We propose a frequent pattern-based algorithm for predicting functions and localizations of proteins from their primary structure (amino acid sequence). We use reduced alphabets that capture the higher rate of substitution between amino acids that are physiochemically similar. Frequent sub strings are mined from the training sequences, transformed into different alphabets, and used as features to train an ensemble of SVMs. We evaluate the performance of our algorithm using protein sub-cellular localization and protein function datasets. Pair-wise sequence-alignment-based nearest neighbor and basic SVM k-gram classifiers are included as comparison algorithms. Results show that the frequent sub string-based SVM classifier demonstrates better performance compared with other classifiers on the sub-cellular localization datasets and it performs competitively with the nearest neighbor classifier on the protein function datasets. Our results also show that the use of reduced alphabets provides statistically significant performance improvements for half of the classes studied.

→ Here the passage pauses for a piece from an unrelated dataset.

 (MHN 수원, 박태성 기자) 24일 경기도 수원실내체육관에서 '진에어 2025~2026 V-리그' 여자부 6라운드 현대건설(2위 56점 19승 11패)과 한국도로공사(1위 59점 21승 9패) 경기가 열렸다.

基于频繁子字符串的序列分类,支持向量机集合使用约简氨基酸字母表训练
我们提出了一种基于频繁模式的算法,用于预测蛋白质的初级结构(氨基酸序列)的功能和定位。我们使用简化的字母表来捕获物理化学上相似的氨基酸之间更高的取代率。从训练序列中挖掘频繁子字符串,转换成不同的字母,并将其用作特征来训练支持向量机集合。我们使用蛋白质亚细胞定位和蛋白质功能数据集来评估算法的性能。比较算法包括基于成对序列对齐的最近邻和基本SVM k-gram分类器。结果表明,基于频繁子字符串的SVM分类器在亚细胞定位数据集上的性能优于其他分类器,在蛋白质功能数据集上的性能优于最近邻分类器。我们的结果还表明,使用简化的字母为所研究的一半的类提供了统计上显着的性能改进。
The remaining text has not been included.